Bei uns wird es meiner Meinung nach leider übertrieben. Aber bei einer Volksentscheidung würde ich schätzen, daß sich eine Mehrheit für noch mehr Verbote stark machen würde.

So ist leider unsere Gesellschaft - mit der schweren Bürde eines verlorenen Krieges und dem Massenmord. Worauf hin - man eine Kontrollbehörde - seitens der Allierten einsetzte - um eine Kontrolle über die Medien zu erhalten.

Dies ist bis heute noch zu spüren - keinem anderen freien demokratischen Land wird so einseitig seitens der Medien über das Thema berichtet - und Meinungsmache betrieben. Dies ist zwar in den letzten zwei Jahrzehnten besser geworden - aber es gibt z.B. immer noch extreme Meinungen in der CSU die am liebsten alles ausser Heimatfilmen verbieten würde.

Aber ganz davon abgesehen, interessiert es ehrlicherweise die große Masse der Bevölkerung auch kaum.

Thema Jugenschutz:
Jugendschutz ist Ländersache - warum? - ticken Jugendliche in Bayern anders als in Berlin? Es gibt sicher lokale Unterschiede, aber die Bedürfnisse und der Schutz eines Kindes sind sicher Länder übergreifend zu handhaben. Das die örtlichen Jugendämter je nach Ort und Lage, verschiedene Schwerpunkte haben dürften ist klar.

Kochrezept:
FSK, USK, BJPS und was sonst noch ist auflösen. Medienbeauftragte in den Jugendämtern entlassen. Alle geeigneten Mitarbeiter für den Einsatz in Jugendämtern umschulen.

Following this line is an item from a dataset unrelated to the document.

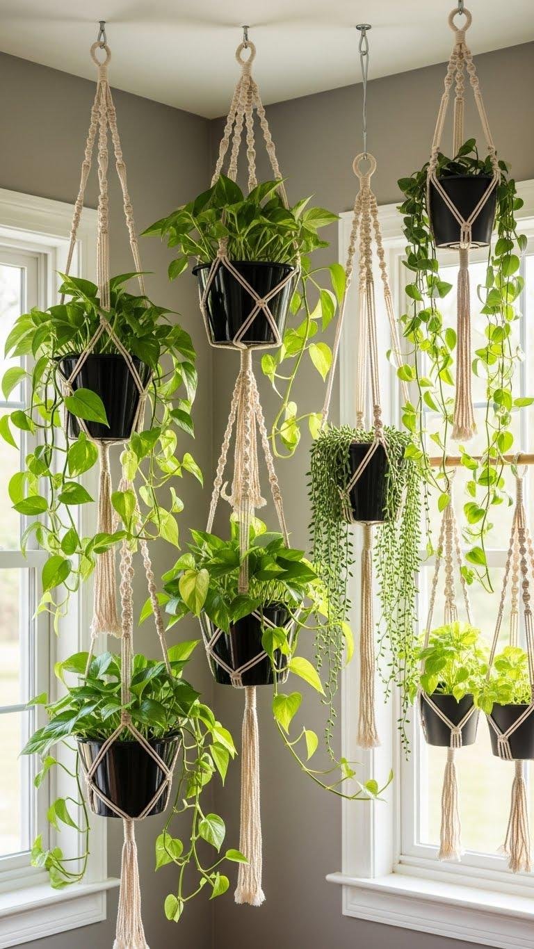 Bringing greenery up into the air with hanging planters and macramé instantly lifts a room, creating vertical interest without stealing floor space; mix trailing pothos, heartleaf philodendron, and airy string-of-pearls to sculpt living cascades that soften hard edges and punctuate sightlines.

Deviese: Holt bitte die verwahrlosten und vernachlässigten Kinder raus aus den ASI-Familien. Das ist wahrer und einzig sinnvoller Jugendschutz und ist auch aus finanzieller Sicht sinnvoll - da so keine neue HARTZ IV Generation entsteht.

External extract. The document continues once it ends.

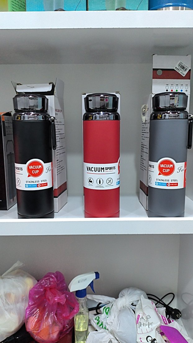 Çocuklar için vakum izolasyonlu, içecekleri sıcak veya soğuk tutan kırmızı renkli paslanmaz çelik termos. Üzerinde 'VACUUM SPORTS' yazısı bulunur.

Das Filmrating und die Zensur bzw. den Verbot von Filmen aber zentral europaweit regeln. Denn was dieses Thema angeht, benehmen wir uns leider zur Zeit wie eine echte Diktatur.

Veröffentlicht am 24.05.2011 14:40:08 GMT+02:00
Zuletzt vom Autor geändert am 24.05.2011 14:47:12 GMT+02:00
Kamil Wrona meint:
Zunächst einmal sei gesagt, dass jegliche Art von Zensur immer kritisch beurteilt werden muss. Zensur bedeutet Ein- bzw. Beschränkung von Inhalten und somit den Rückhalt von Informationen durch eine höhere Gewalt. Ich möchte allerdings selbst bestimmen können, was ich sehe, lese, höre etc. pp, im Besonderen wenn ich die Volljährigkeit erreicht habe und somit selbst die Verantwortung für das tragen will, was ich ich mir zumute oder nicht. Zensur schränkt mich in meiner Selbstbestimmtheit ein und macht miich dadurch zu einem unmündigen Menschen. Aber dafür gibt's ja ausländische Händler! Wer also gerne importiert und wem auch die englische Sprache keinerlei Probleme bereitet, der sollte sich Filme etc. aus Japan importieren, da es diese dort garantiert unzensiert und ungeschnitten gibt.